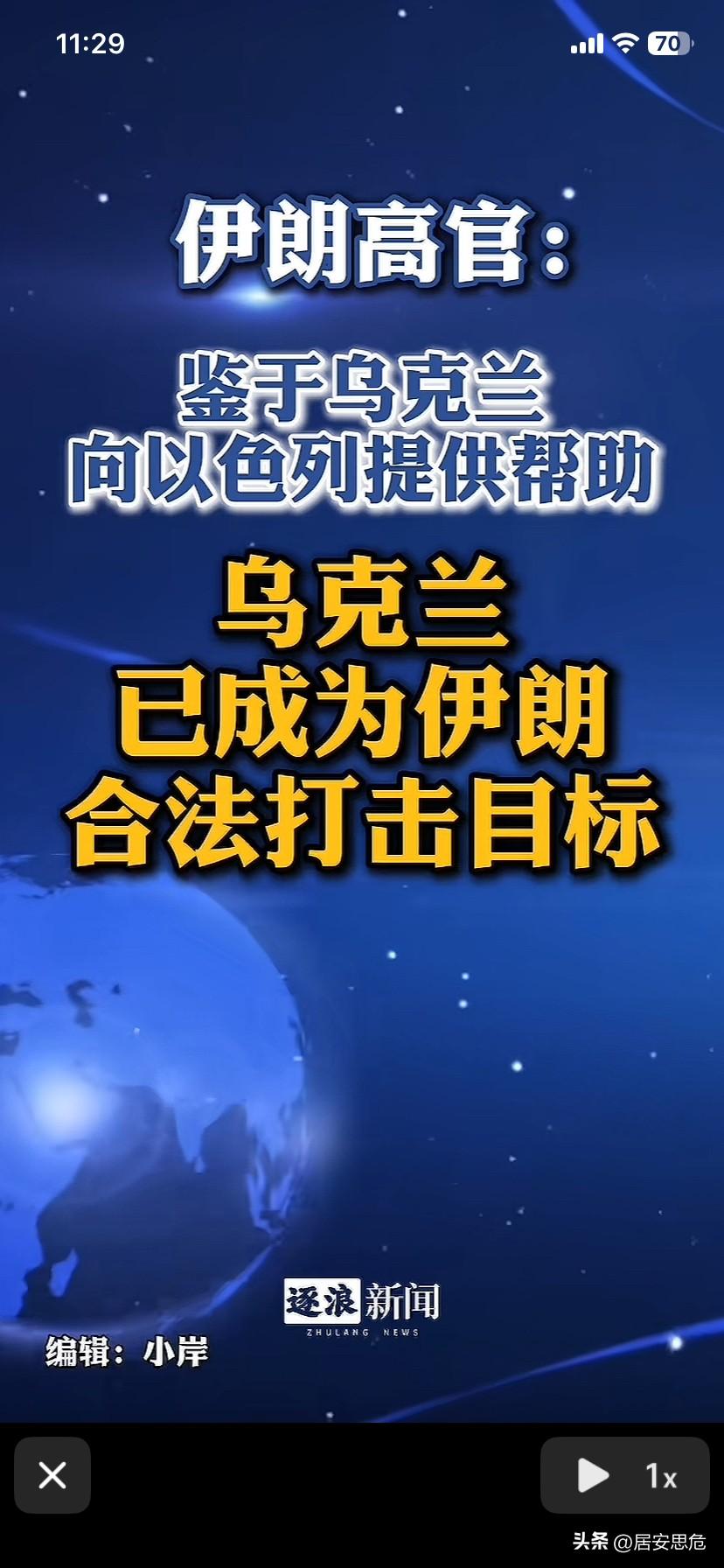 #伊朗高官称乌克兰成合法打击目标#【伊朗高官:乌克兰已成为伊朗合法打击目标】据俄
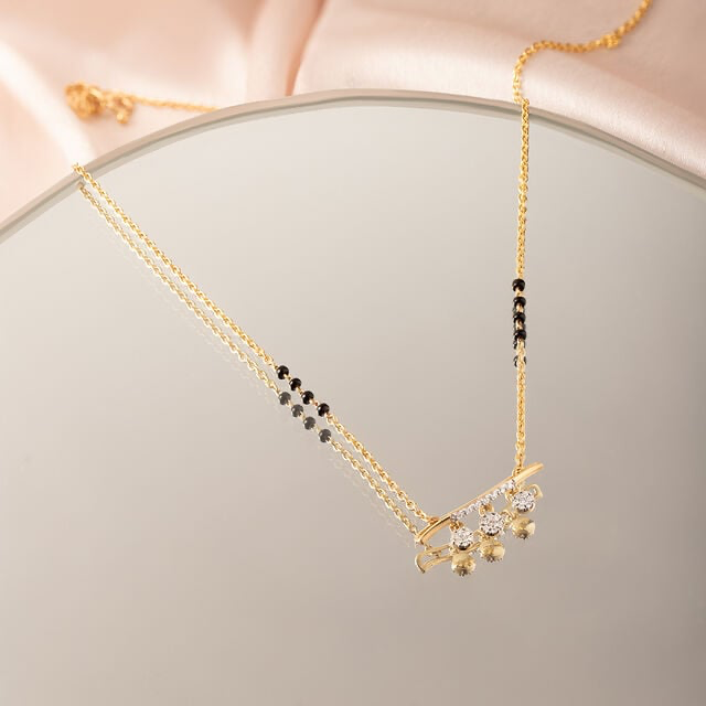 Are you a visionary fashionista planning fashion hits in advance, even for your everyday life? Here’s how you can embrace understated sophistication on the daily! Opt for the chic 14 KT yellow gold Vati mangalsutra, brought to aesthetic life by a trio of glistening diamonds suspended from a refined gold bar.
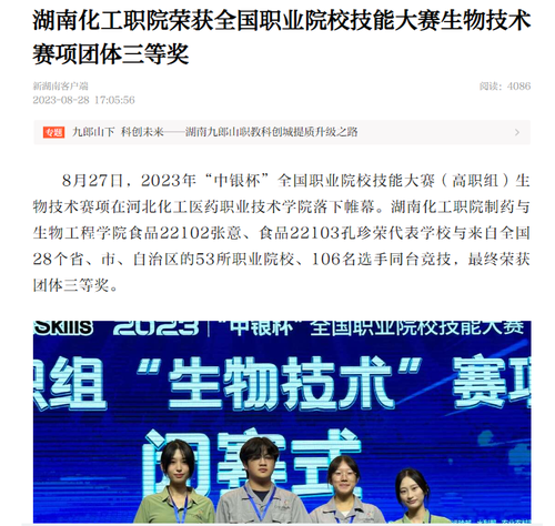 新湖南:湖南化工职院荣获全国职业院校技能大赛生物技术赛项团体三等奖
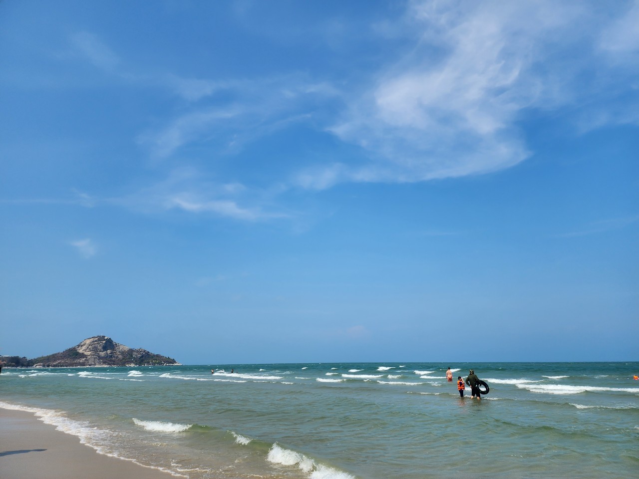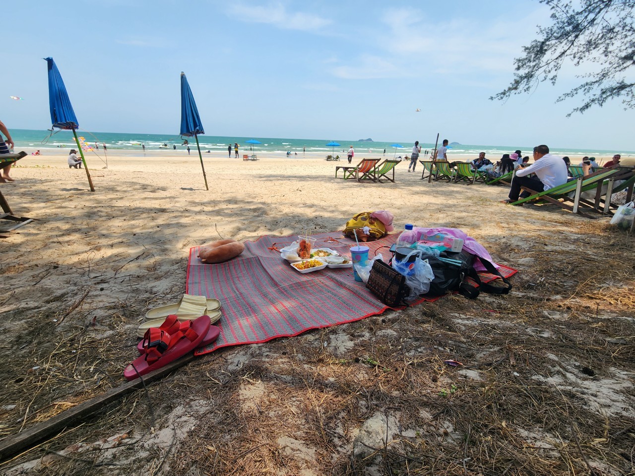 เจ้าหน้าที่เขาจะให้เรานั่งเล่นชิวกันกันที่หาดทรายประมาณ 4 ชั่วโมง เรากับเพื่อนก็เดินไปเปลี่ยนเสื้อผ้าและหาของกินกันตามประสามนุษย์อ้วน

-*-

- Task goal -
Return the opening line of the data above and every line after it up to and including the line that holds "新湖南:湖南化工职院荣获全国职业院校技能大赛生物技术赛项团体三等奖"; pictures stay out.

- Response -
 #伊朗高官称乌克兰成合法打击目标#【伊朗高官:乌克兰已成为伊朗合法打击目标】据俄
 Are you a visionary fashionista planning fashion hits in advance, even for your everyday life? Here’s how you can embrace understated sophistication on the daily! Opt for the chic 14 KT yellow gold Vati mangalsutra, brought to aesthetic life by a trio of glistening diamonds suspended from a refined gold bar.
 新湖南:湖南化工职院荣获全国职业院校技能大赛生物技术赛项团体三等奖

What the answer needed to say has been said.